● Supplied data:
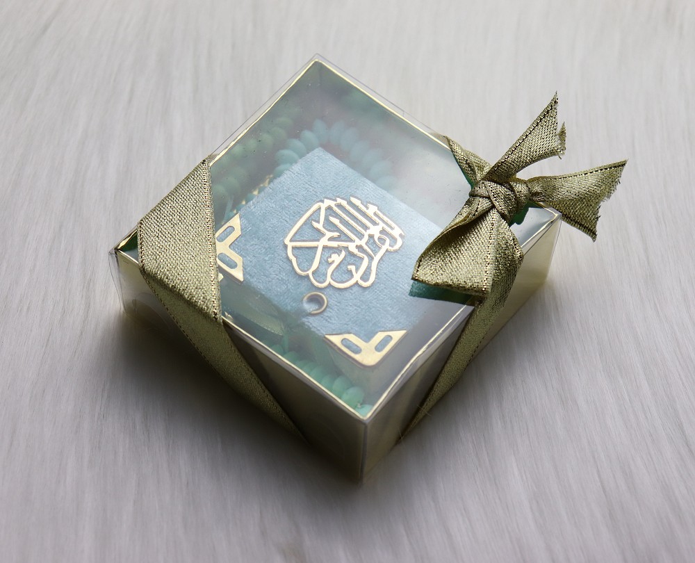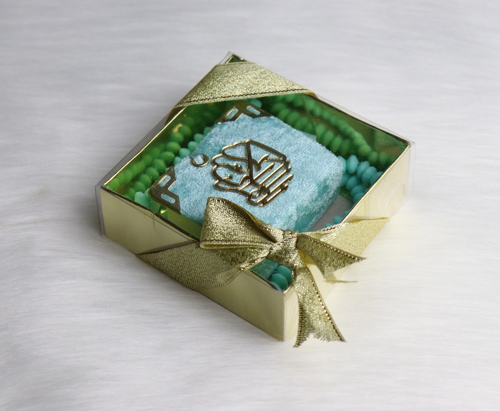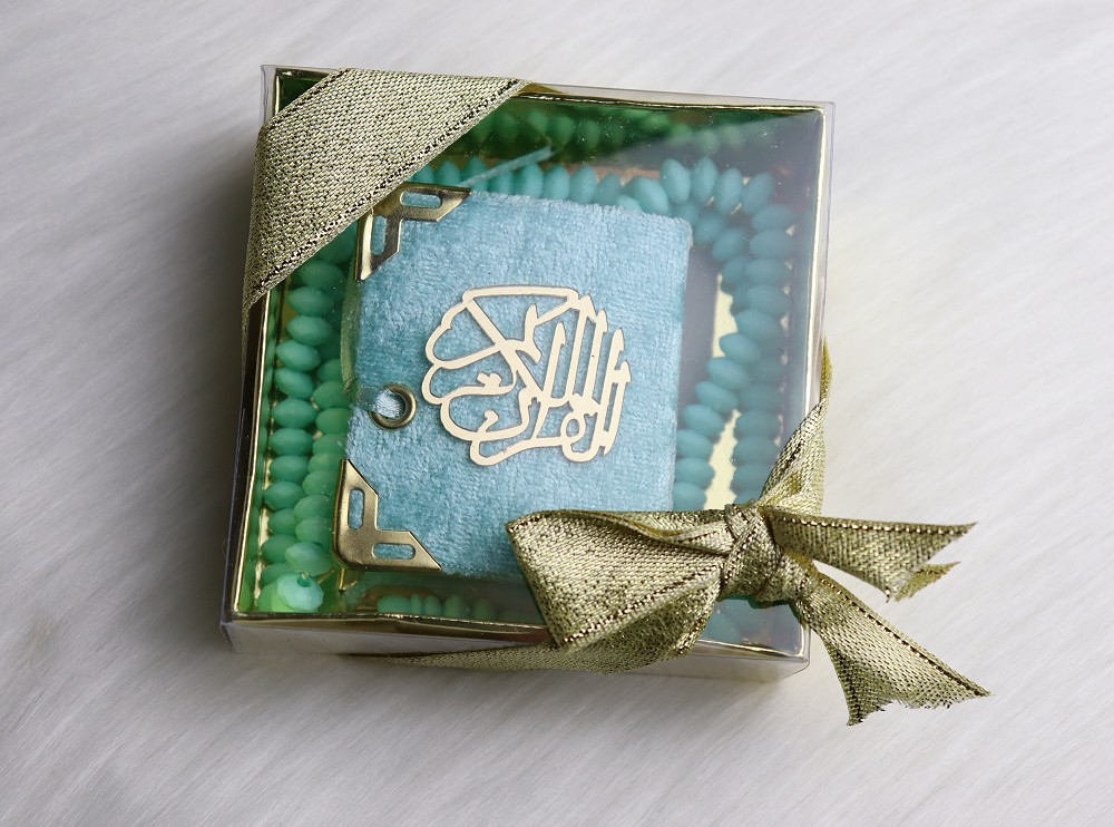 Un mini Coran recouvert de tissu en velours vrillant et un chapelet 99 grains. Le Coran est complet mais écrit en tout petit... Décoration dorée fixée sur le Coran avec la calligraphie "Al Quran Al Karim" (Le Saint Coran).
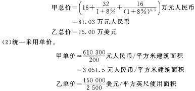 (5)统一面积单位。如果以平方米为基准,由于1平方英尺=0.09290304平方米,则甲单价=3051.5元人民币/平方米建筑面积
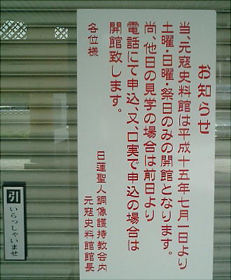 ところがこの日は鍵を持った人が不在だと言うことで資料館には入れなかった。なんとええかげんな。
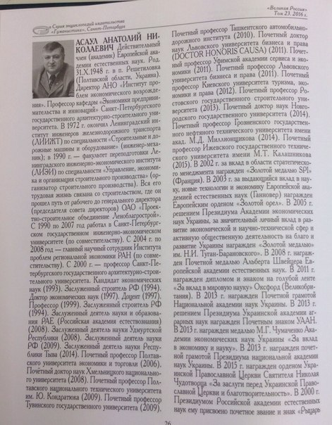 В 23 томе помещены биографии действительных членов Европейской академии естественных наук, среди которых и ученые Асаул Анатолий Николаевич, Асаул Максим Анатольевич, Асаул Николай Анатольевич:
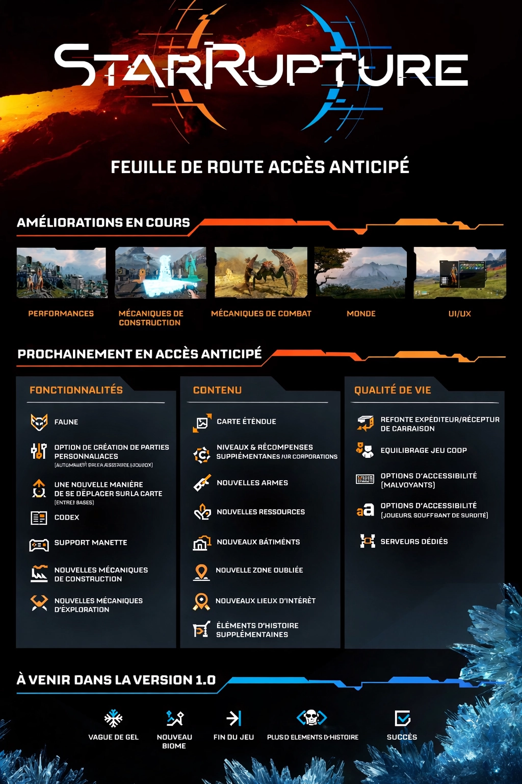 📝 Note : StarRupture est en early access en 2026, donc attendez-vous à des équilibrages réguliers et à du contenu qui évolue.
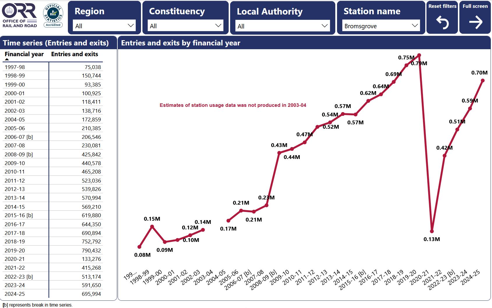 COVID-19 had a big effect and since then, the Cross City Line has reduced to just 2 trains an hour to both Bromsgrove and Redditch. This will have impacted the footfall figures.
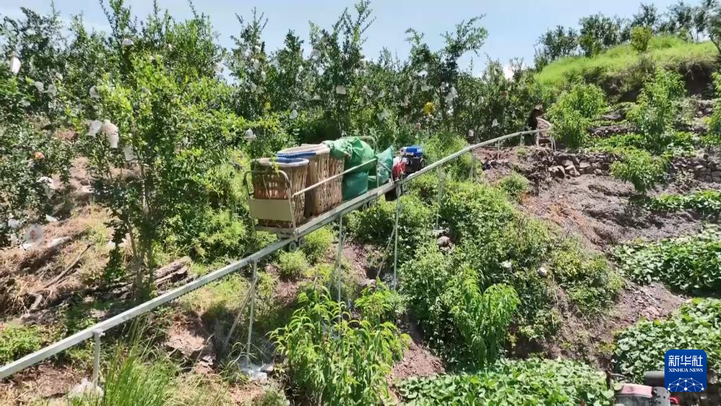 立秋以來,云南省會澤縣的5.5萬畝鹽水軟籽石榴迎來了采收期。今年,一些果農在石榴園里裝上了單軌運輸車,大大提高了石榴采收效率。
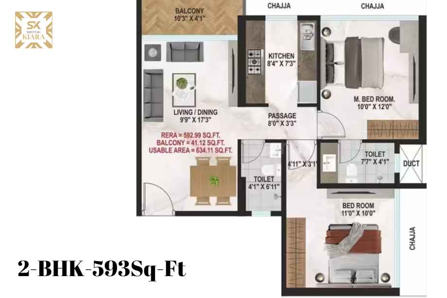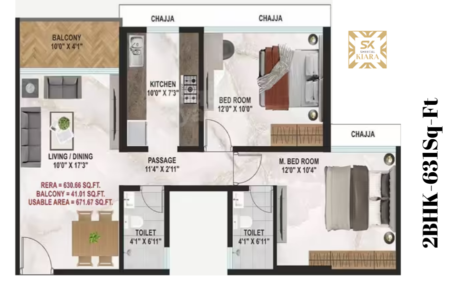 | 2 BHK | 631 Sq.ft sq. ft. | Unfurnished |
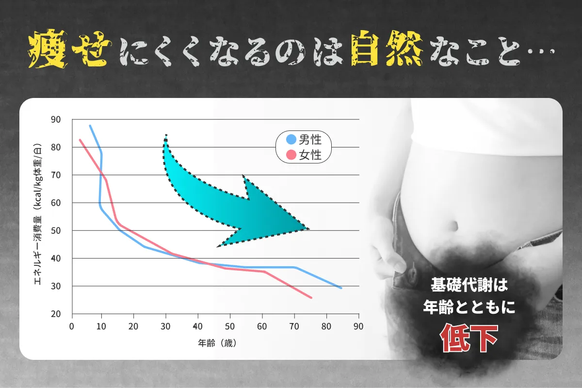 厚生労働省の研究でも、加齢に伴って基礎代謝が低下することが示されています。
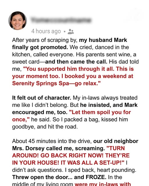 About 45 minutes into the drive, our old neighbor Mrs. Dorsey called me, screaming. “TURN AROUND! GO BACK RIGHT NOW! THEY’RE IN YOUR HOUSE! IT WAS ALL A SET-UP!” I didn’t ask questions. I sped back, heart pounding. Threw open the door… and FROZE. In the middle of my living room were my in-laws with armfuls of boxes, sorting through our things like they were moving in.
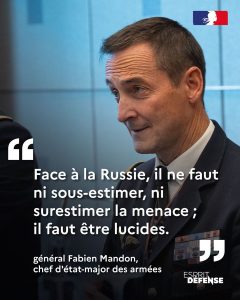 En même temps, le général MANDON, Chef d’état-major de l’Armée française, déclare devoir « préparer les Armées et la population à un « choc » pour « changer d’échelle » et de « renforcer les forces morales du pays ». « En vivant depuis si longtemps en paix, nous avons du mal à prendre pleinement conscience des dangers qui nous entourent ». Face à ces dangers il poursuit son travail de préparation des esprits : « Il faudra être prêts, déterminés et crédibles pour opposer de la résistance »
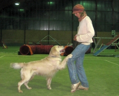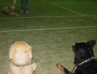 Jack und ich mussten erstmal im Platz-Bleib abdampfen – was wir ganz schön beknackt fanden, aber Katrin, unsere Freundin aus Berlin passte gut auf uns auf – und Ginger durfte als erste Tricks und Kunsstücke trainieren. Immer werden die Mädchen bevorzugt!
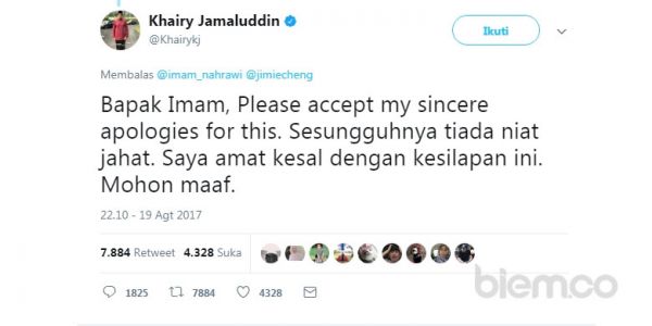 “Bapak Imam, Please accept my sincere apologies for this. Sesungguhnya tiada niat jahat. Saya amat kesal dengan kesilapan ini. Mohon maaf,” tulis Jamaluddin lewat akun twitternya.
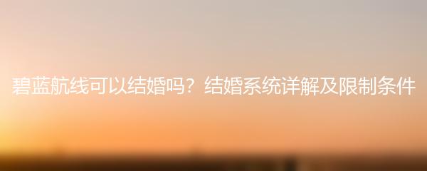 碧蓝航线可以结婚吗?结婚系统详解及限制条件
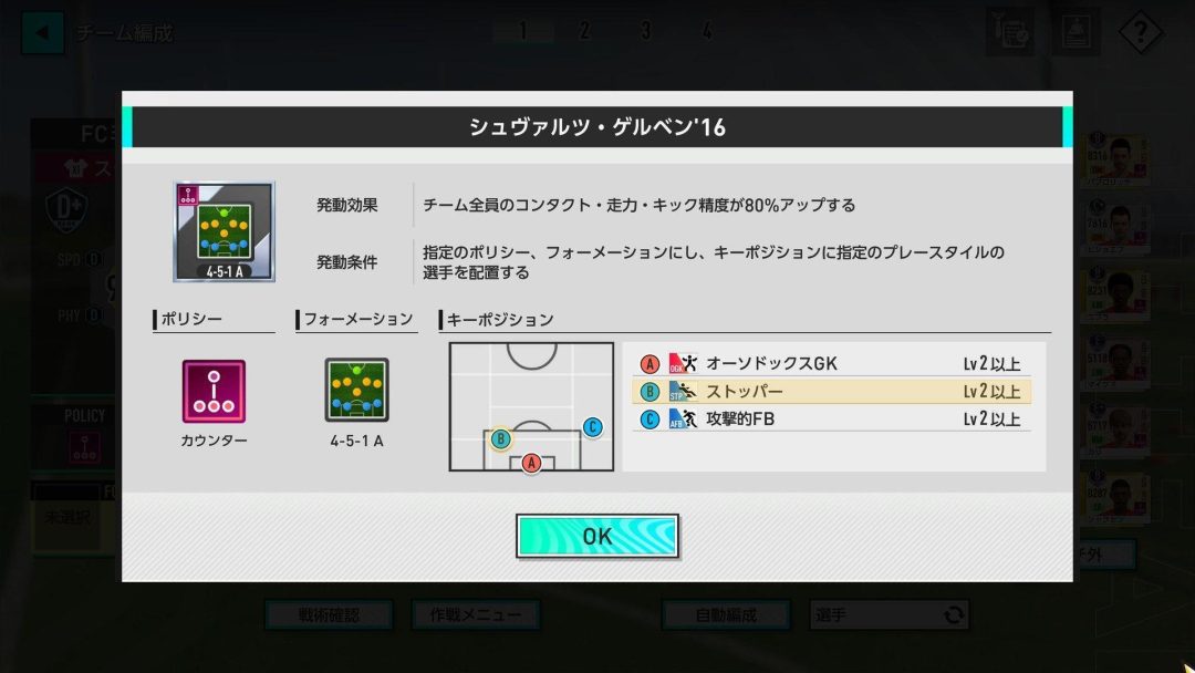 GKのカーワンは成長準備期間でもあるものの、キーポジションのオーソドックスGKのレベル2以上を満たしているのでスタメンで起用する。ほかのキーポジションにふさわしい選手は揃っているし、銀のフォーメーションコンボであるシュヴァルツ・ゲルベン’16を発動しやすいのは大きなアドバンテージだった。
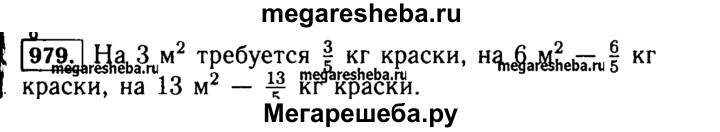 979. Одним килограммом краски можно покрасить 5 м2 поверхности. Сколько понадобится краски, чтобы покрасить 3 м2; 6 м2; 13 м2 поверхности?

● What the task requires: Exact repeat, pictures omitted: give every line from the top of the records down to and including the line with "ところがこの日は鍵を持った人".

● Task response:
 Un mini Coran recouvert de tissu en velours vrillant et un chapelet 99 grains. Le Coran est complet mais écrit en tout petit... Décoration dorée fixée sur le Coran avec la calligraphie "Al Quran Al Karim" (Le Saint Coran).
 (5)统一面积单位。如果以平方米为基准,由于1平方英尺=0.09290304平方米,则甲单价=3051.5元人民币/平方米建筑面积
 ところがこの日は鍵を持った人が不在だと言うことで資料館には入れなかった。なんとええかげんな。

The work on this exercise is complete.